To do: Using the material below, print a verbatim copy of every line from the one containing "Medicine pills, vitamins" through the one containing "ベビービブ食事 6層ガーゼセクション 柔らかい360度回転可よだれかけ", inclusive, and omit the pictures.

Data records:
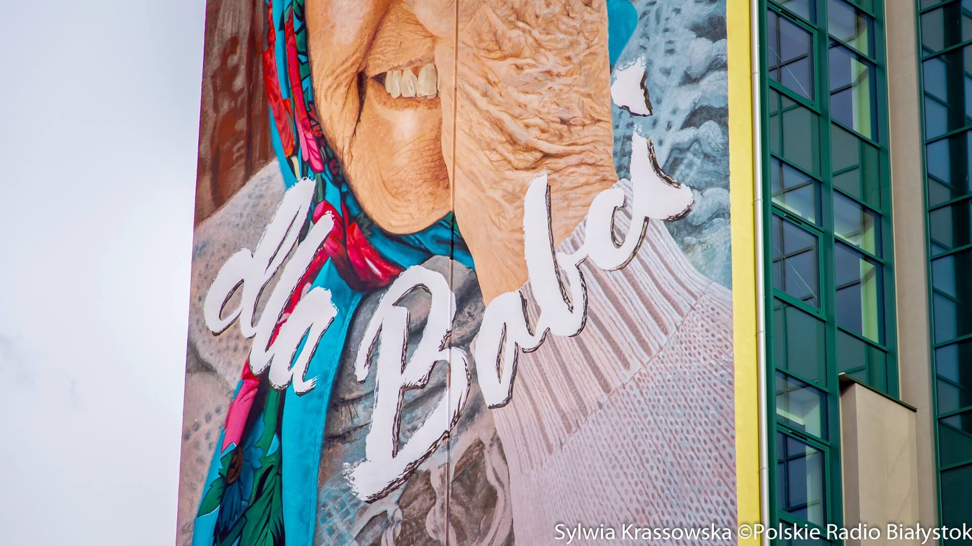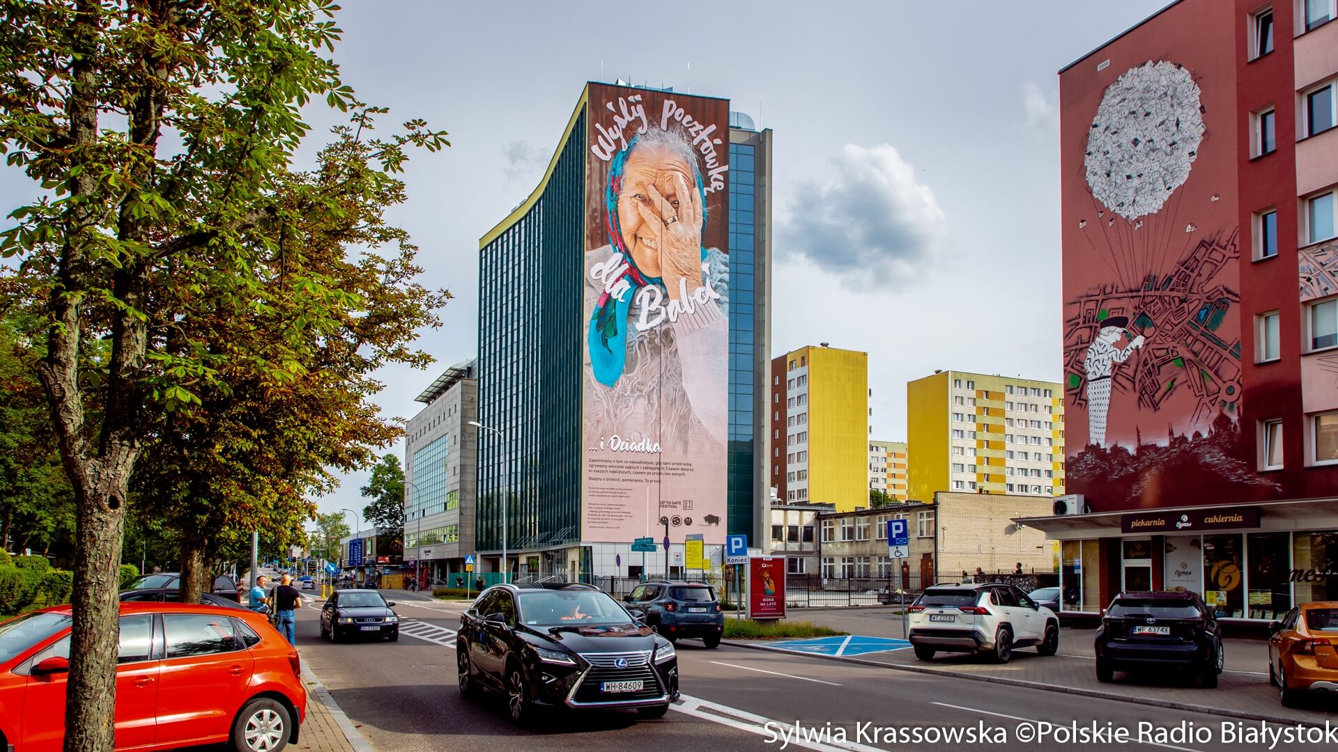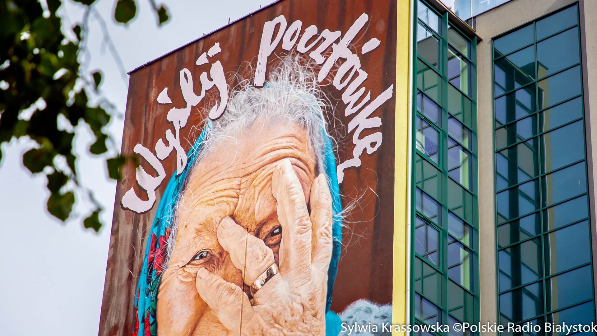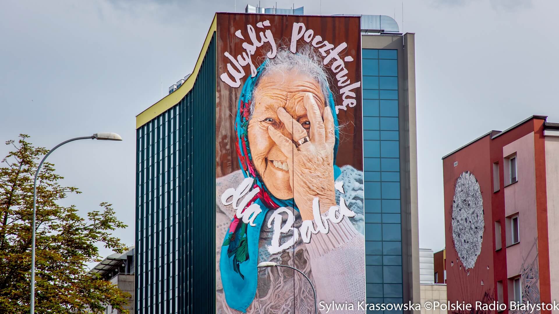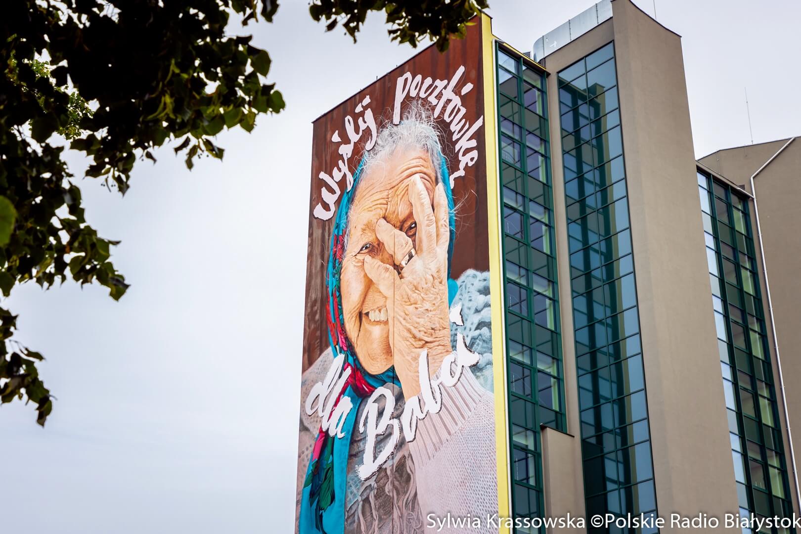 Radio Białystok | Wiadomości | Wiadomości - Mural "Wyślij pocztówkę dla babci" powrócił na ścianę wieżowca przy ul. Skłodowskiej-Curie w Białymstoku [zdjęcia]
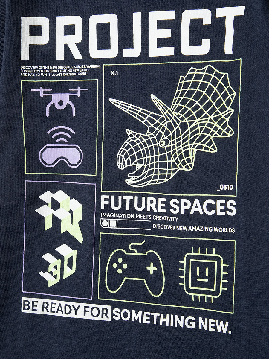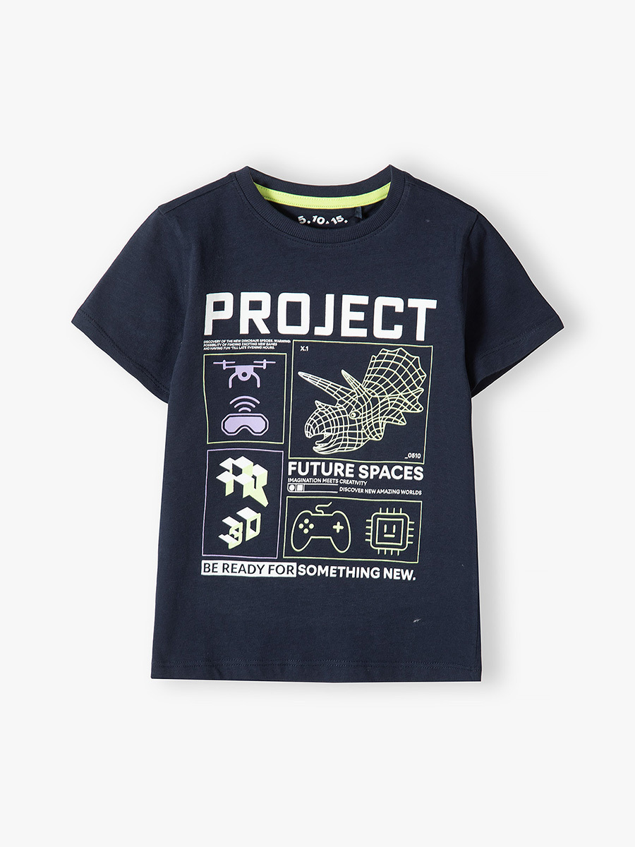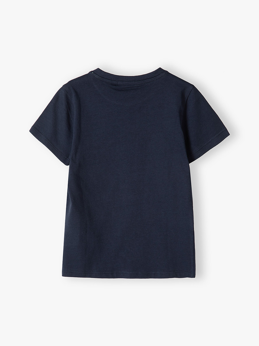 Футболка темно-синего цвета для мальчика выполнена из качественного хлопкового трикотажа, мягкого и приятного на ощупь, не раздражает чувствительную кожу ребенка. Футболка имеет круглый вырез горловины, прямой крой, короткие рукава и украшена оригинальным принтом. Благодаря качественному материалу и грамотному крою, изделие максимально комфортно для ребенка. Футболка отлично сочетается с шортами, джинсами, спортивными штанами и брюками.
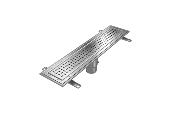 Funktionell och barfotavänlig rostfri golvränna för offentlig miljö. Idealisk för bad, spa, gym och andra offentliga dusch- och omklädningsrum.
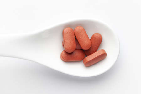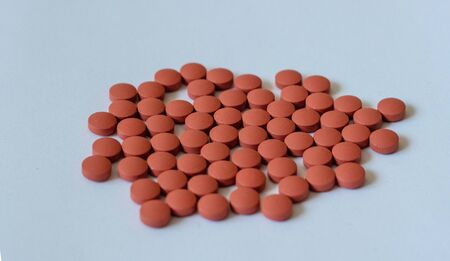 Medicine pills, vitamins and food supplements of red color on white background.
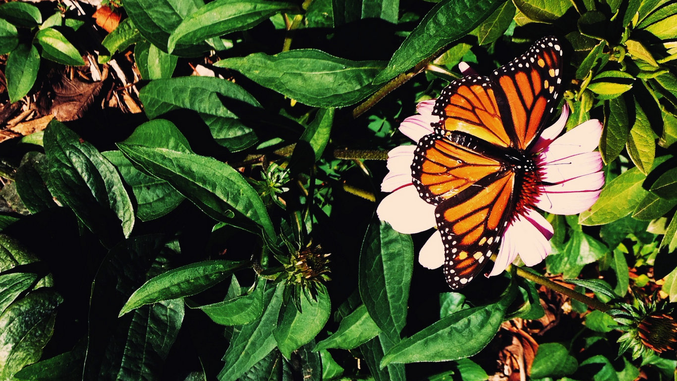 A monarch butterfly stopping for lunch at a cone flower outside my front door. The migration south is underway.
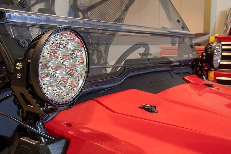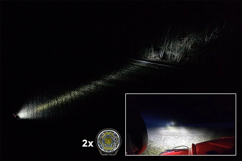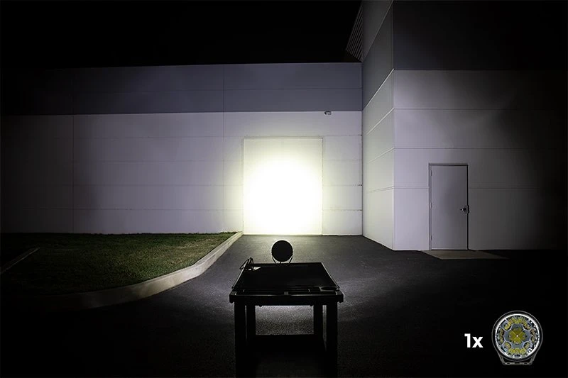 OR series 7″ LED Work Light projects a powerful beam with high speed visibility and maximum forward distance. Supplement wider beam driving lights and illuminate farther down a trail or road with this long-range spot light. It throws a narrow 4° beam pattern over half a mile, to penetrate dark off-road or rough work environments. Heavy duty construction includes die-cast aluminum housing and polycarbonate lens, sealed against moisture and impact-resistant. Mounting brackets and hardware are included for quick, secure installation on powersports, security and law enforcement vehicles, trucks, boats, and more.
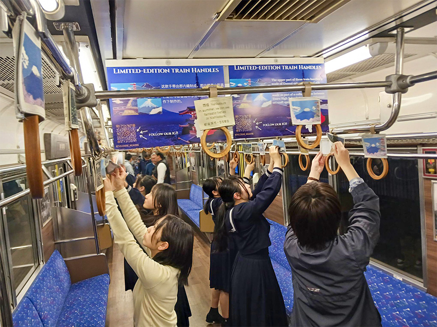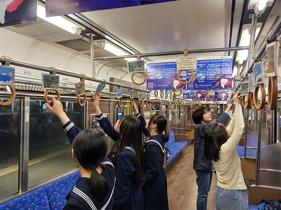 車内のつり革に織物カバーを装飾した「郡内テキスタイル列車」が運行開始しました。
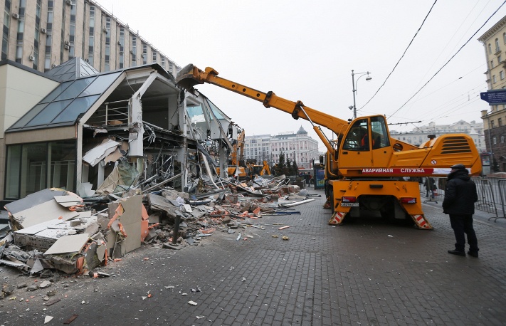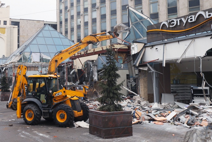 К торговому центру «Пирамида» на Тверской улице в Москве прибыла спецтехника, которая начала снос строения.
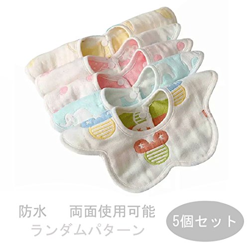 ベビービブ食事 6層ガーゼセクション 柔らかい360度回転可よだれかけ スナップビブ 3枚セット 5枚セット 6枚セット 防水 両面使用可能 ( ランダムパターン) (5枚(防水 両面使用可能))
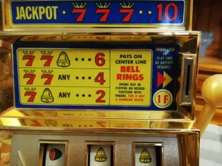 Máquina tragaperras de juguete antigua, modelo Casino Seven. Un objeto decorativo con un diseño clásico. 33 de alto 16,5 ancho 20 de fondo - Cuerpo principal en color dorado. - Detalles en azul y rojo en el frontal. - Palanca lateral para accionar los rodillos. - Compartimento para monedas y para el retorno.
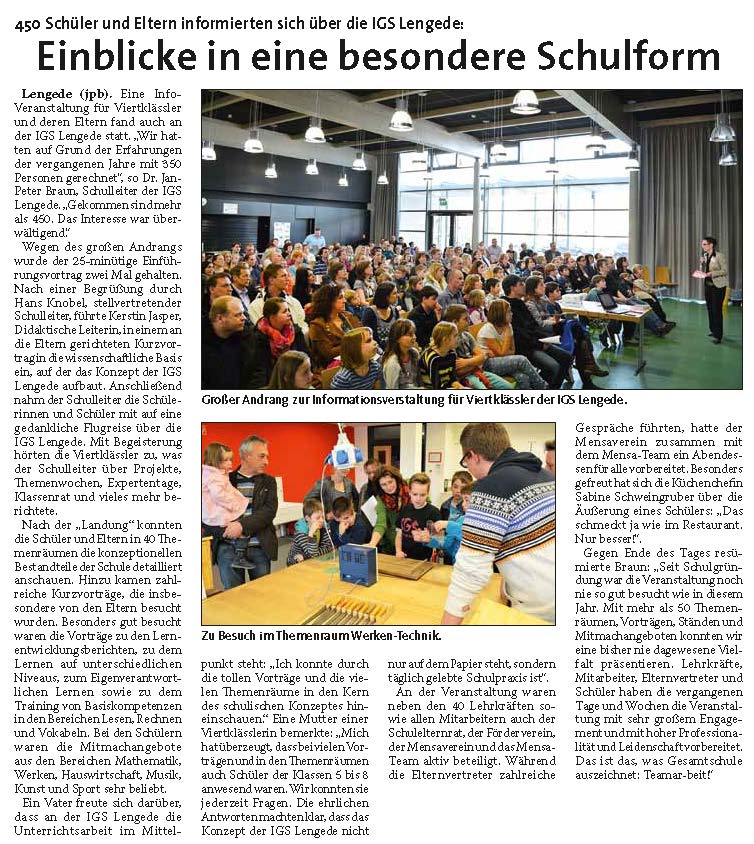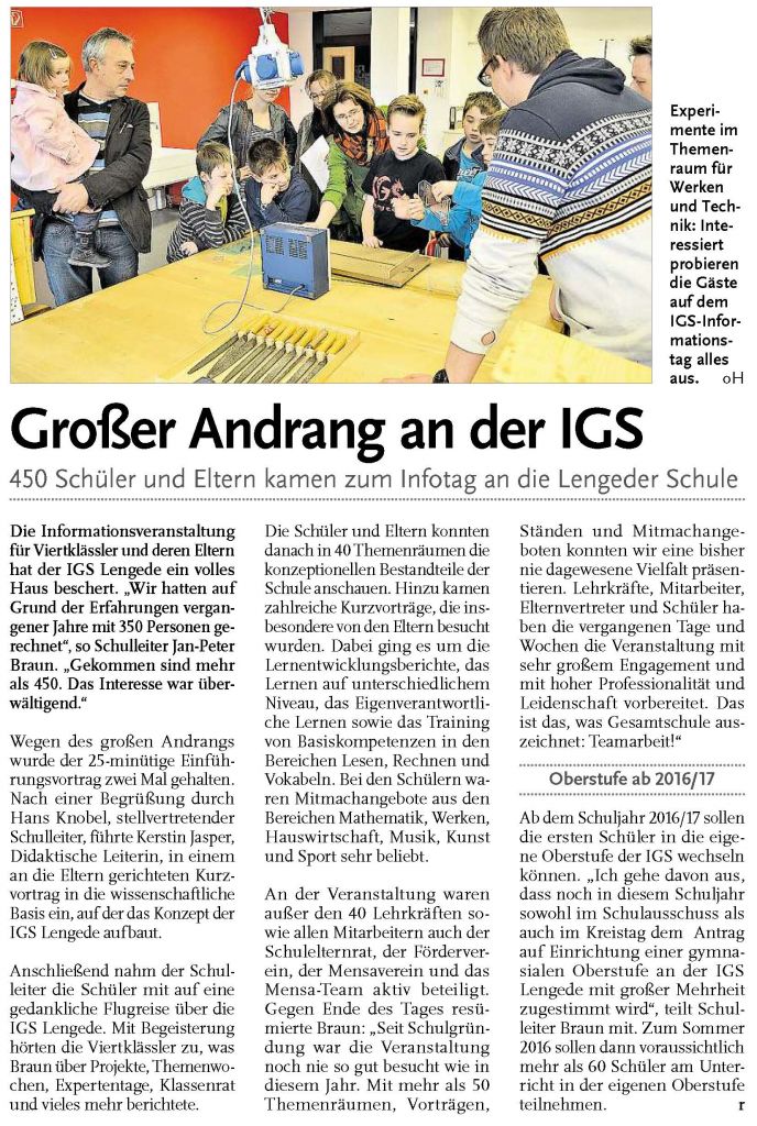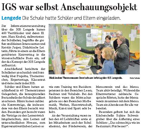RSB: "Anmeldetermine für die neuen 5. Klassen der IGS Lengede Schuljahr 2014/2015"

Task answer:
 Medicine pills, vitamins and food supplements of red color on white background.
 A monarch butterfly stopping for lunch at a cone flower outside my front door. The migration south is underway.
 OR series 7″ LED Work Light projects a powerful beam with high speed visibility and maximum forward distance. Supplement wider beam driving lights and illuminate farther down a trail or road with this long-range spot light. It throws a narrow 4° beam pattern over half a mile, to penetrate dark off-road or rough work environments. Heavy duty construction includes die-cast aluminum housing and polycarbonate lens, sealed against moisture and impact-resistant. Mounting brackets and hardware are included for quick, secure installation on powersports, security and law enforcement vehicles, trucks, boats, and more.
 車内のつり革に織物カバーを装飾した「郡内テキスタイル列車」が運行開始しました。
 К торговому центру «Пирамида» на Тверской улице в Москве прибыла спецтехника, которая начала снос строения.
 ベビービブ食事 6層ガーゼセクション 柔らかい360度回転可よだれかけ スナップビブ 3枚セット 5枚セット 6枚セット 防水 両面使用可能 ( ランダムパターン) (5枚(防水 両面使用可能))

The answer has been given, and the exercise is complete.